Sam pulled against the rope binding his wrists to the chair behind his back. His ankles were tied to the front legs of the chair. No give in the knots. He considered throwing himself to the floor in an attempt to shatter the chair. But he’d be vulnerable for a few seconds and his doppelganger had the butcher knife.
“Face it, Sammy. You’re keeping Dean away from Lisa and Ben. He’d run to them in a heartbeat if he thought you could handle yourself. But he’ll never go while you’re alive. We both know it. And that leaves me with one option.” Soulless Sam chuckled, tapping the edge of the blade against his palm. “Actually, you should thank me. Dean’s excess baggage. You’ll travel faster without him. And be a better hunter for it.”
“You’re over,” Sam said to him. “A figment of my imagination.”
“Imagination is powerful,” Soulless Sam said. “Especially these days, don’t you think? I feel... rejuvenated.”
“What’s that supposed to mean?”
“You’ll find out. Sooner than you think.”
Sam lunged toward his doppelganger, pitching forward in the chair.

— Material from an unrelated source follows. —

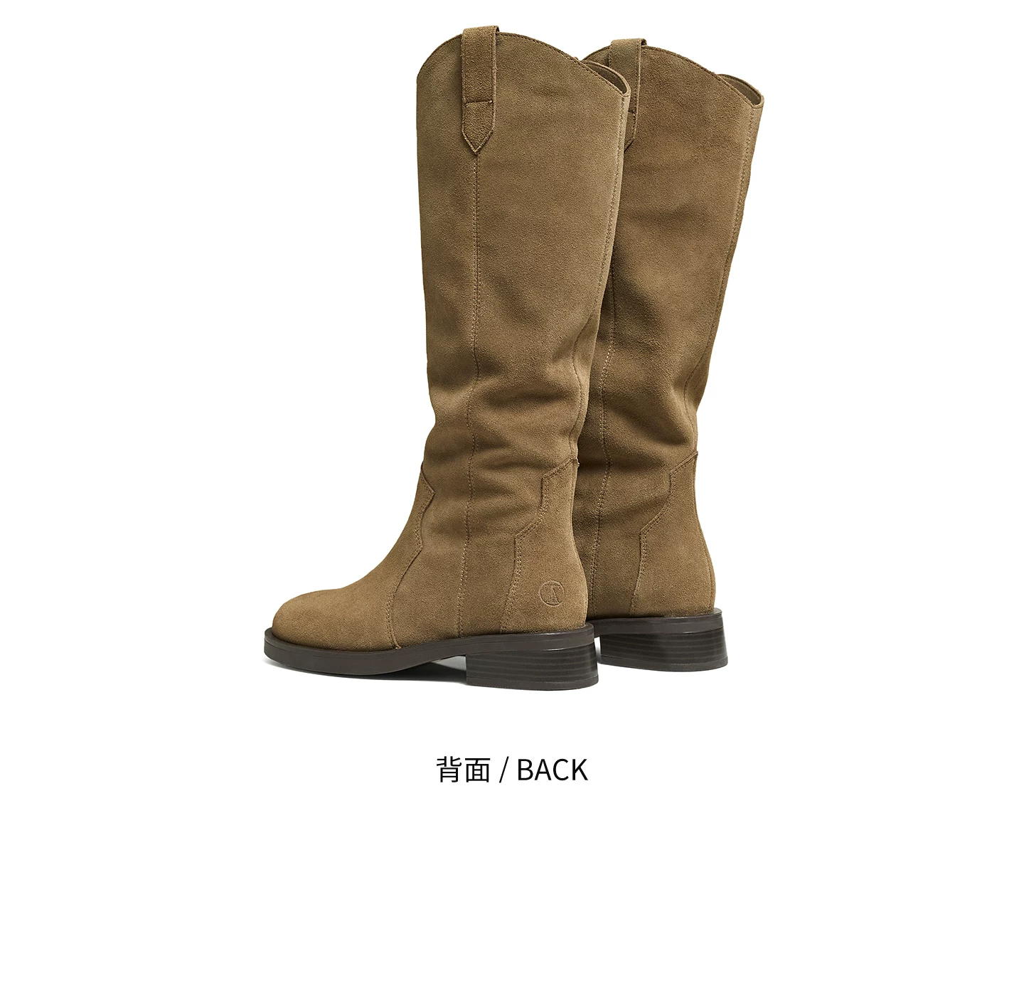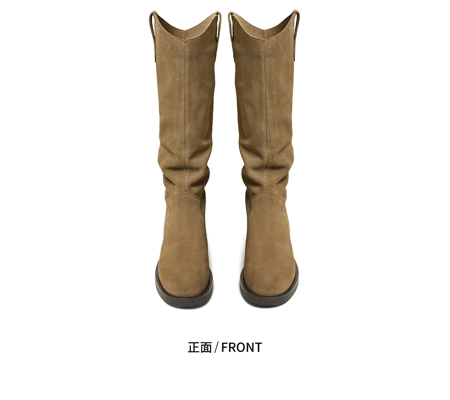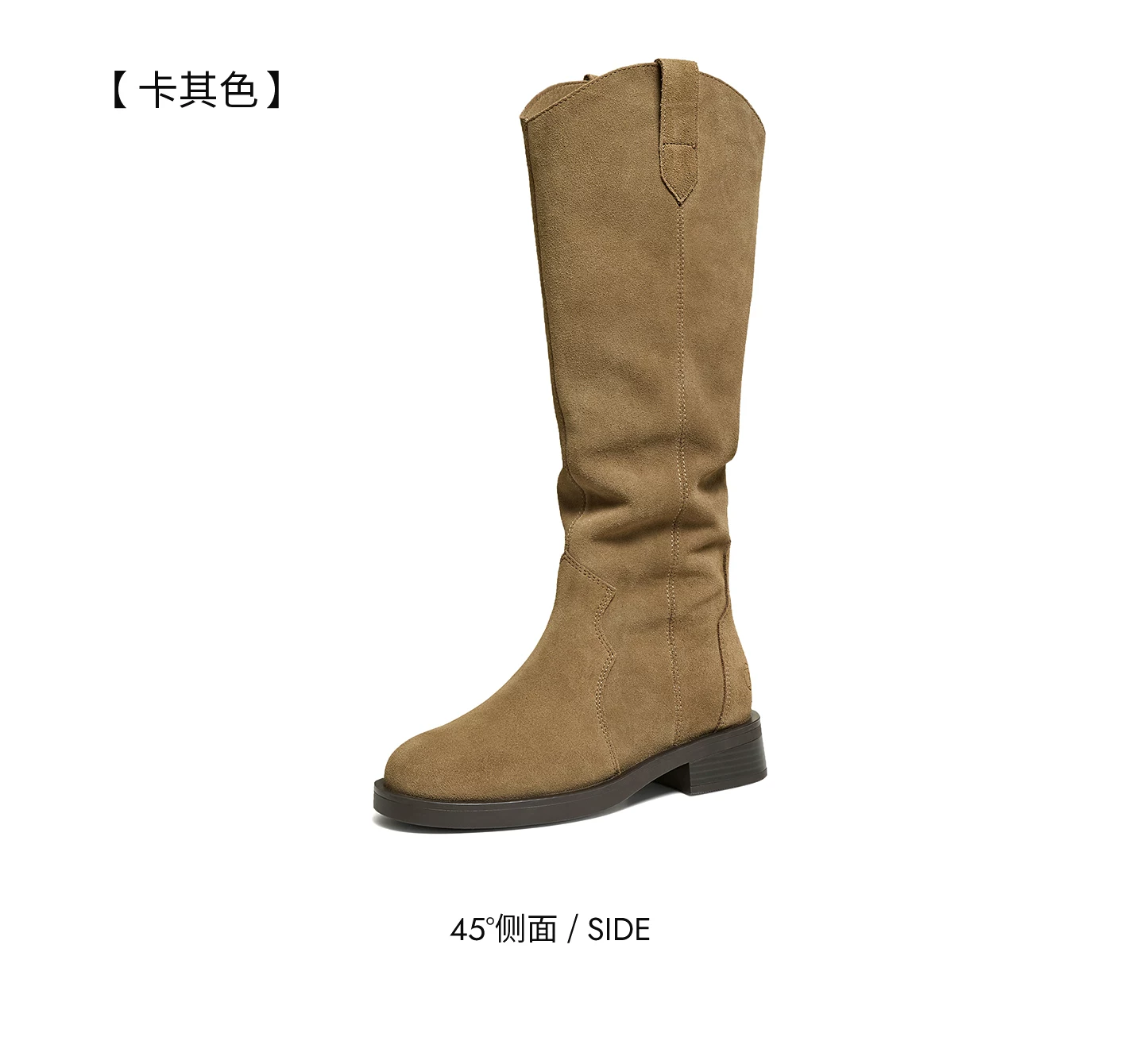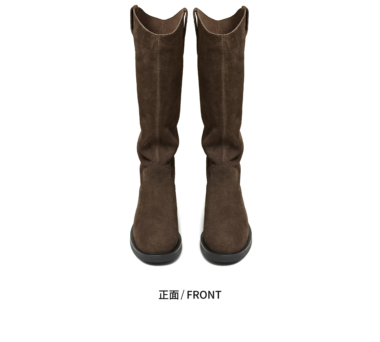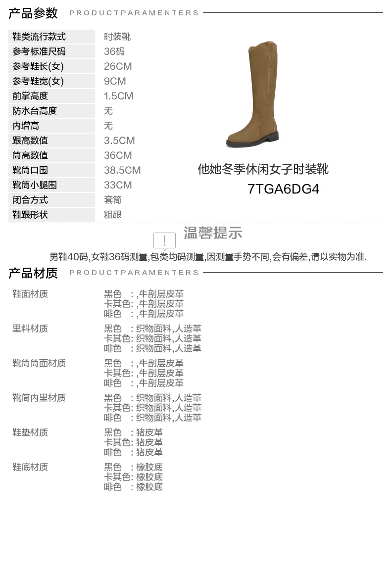 - Giày bốt thời trang TATA Giày bốt dài phong cách Anh quốc Giày bốt nữ màu nâu V-cut da thật Giày bốt phương Tây mùa đông 7TGA6DG4

He braced for the impact, determined to break free of his bonds before Soulless Sam could strike with the knife. But the impact never happened.

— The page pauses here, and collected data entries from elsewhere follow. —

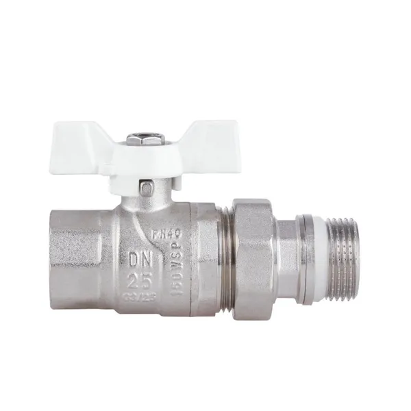 Кран кульовий Base 1"ВЗ прямий, з американкою, латун., нікельов., PN40, метелик SD221W25 Thermo Alliance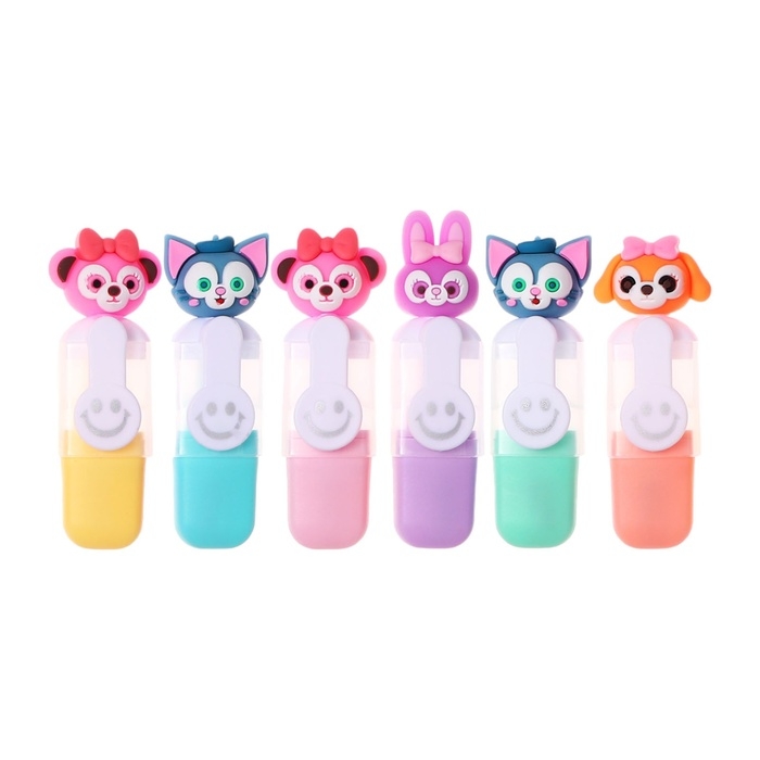Набор маркеров текстовыделителей 6 штук 6 цветов, в пенале на молнии Зверята
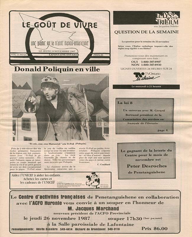 Le Goût de vivre (Vol.15 No.22) – 19 novembre 1987

The basement floor opened in front of him, an expanding darkness, like the sinkhole at Mack’s Qwik Mart, but instantaneous. Blood rushed over the receding edges of the hole, a macabre waterfall.
Standing clear, Soulless Sam laughed as the floor swallowed Sam whole.

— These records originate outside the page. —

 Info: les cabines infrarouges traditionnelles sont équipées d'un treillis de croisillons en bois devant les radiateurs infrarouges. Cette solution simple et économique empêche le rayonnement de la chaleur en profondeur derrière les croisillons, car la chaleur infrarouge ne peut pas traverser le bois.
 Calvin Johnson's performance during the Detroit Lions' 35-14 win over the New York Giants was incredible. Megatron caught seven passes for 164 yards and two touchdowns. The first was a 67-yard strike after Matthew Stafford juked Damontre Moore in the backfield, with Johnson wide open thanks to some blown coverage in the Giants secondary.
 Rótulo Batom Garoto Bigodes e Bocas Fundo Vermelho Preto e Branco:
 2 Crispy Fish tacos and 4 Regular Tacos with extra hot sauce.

Sam awoke with an involuntary jerk of the muscles in his arms and legs. In the dream, he’d been fighting against the ropes binding him to a chair. Once awake, the ropes were remnants of his imagination and his limbs flailed wildly at the sudden freedom.
The motel room was dark. They’d pulled the blinds so the morning sun wou
ldn’t wake them before they’d logged a few hours of sleep. After two long nights in a row without much rest, the Winchester brothers were running on caffeine vapors and little else.
Wanting some fresh air to clear his head, Sam stood and walked to the foot of his bed. He stopped when he noticed the silhouette of a man across the room, back turned toward him, standing next to the other twin bed. Sam almost called Dean’s name, but saw his brother was asleep on the far bed. Then Sam saw the glint of stainless steel extending from the stranger’s fist.
For a moment, he thought the Butcher Bartch manifestation had somehow followed them back to their motel room, but the body type was wrong—and so was the blade. Not a cleaver—a butcher knife.
That’s impossible, Sam thought. I’m still dreaming.
Dreams within dreams. A waking dream?
The stranger raised the butcher knife over his head, clutching the dark handle in a double-handed grip, knuckles flexing, prepared to strike.
Sam charged across the room.
He almost expected his legs to betray him, or the floor to open up beneath him again, or the carpeting to bunch and trip him. But none of that happened. And he was almost fast enough to stop the attack.
As the stranger drove the point of the butcher knife downward, Sam slammed into him and the other man’s weight was as solid as his own, the impact jarring as they both fell to the floor. Before Sam saw the man’s face, saw that it was in fact his own face staring back at him, he registered the man’s empty hands.
The knife was missing.
Soulless Sam smiled at Sam.
“Too late!” he said.
Then vanished.
Dean Winchester, alone in the Impala, drove through a rainstorm at night with the radio turned to a classic rock station, but he heard more static than music. Over the hiss of the tires on the wet road, he heard snippets of Seger and AC/DC and Skynyrd. And no matter the song, the repetitive thwum-thwump of the windshield wipers kept time with the beat about as competently as an inebriated percussionist. Rising above this confused mush of sound with stark clarity, his cell phone rang. He glanced at the caller ID display: Lisa Braeden.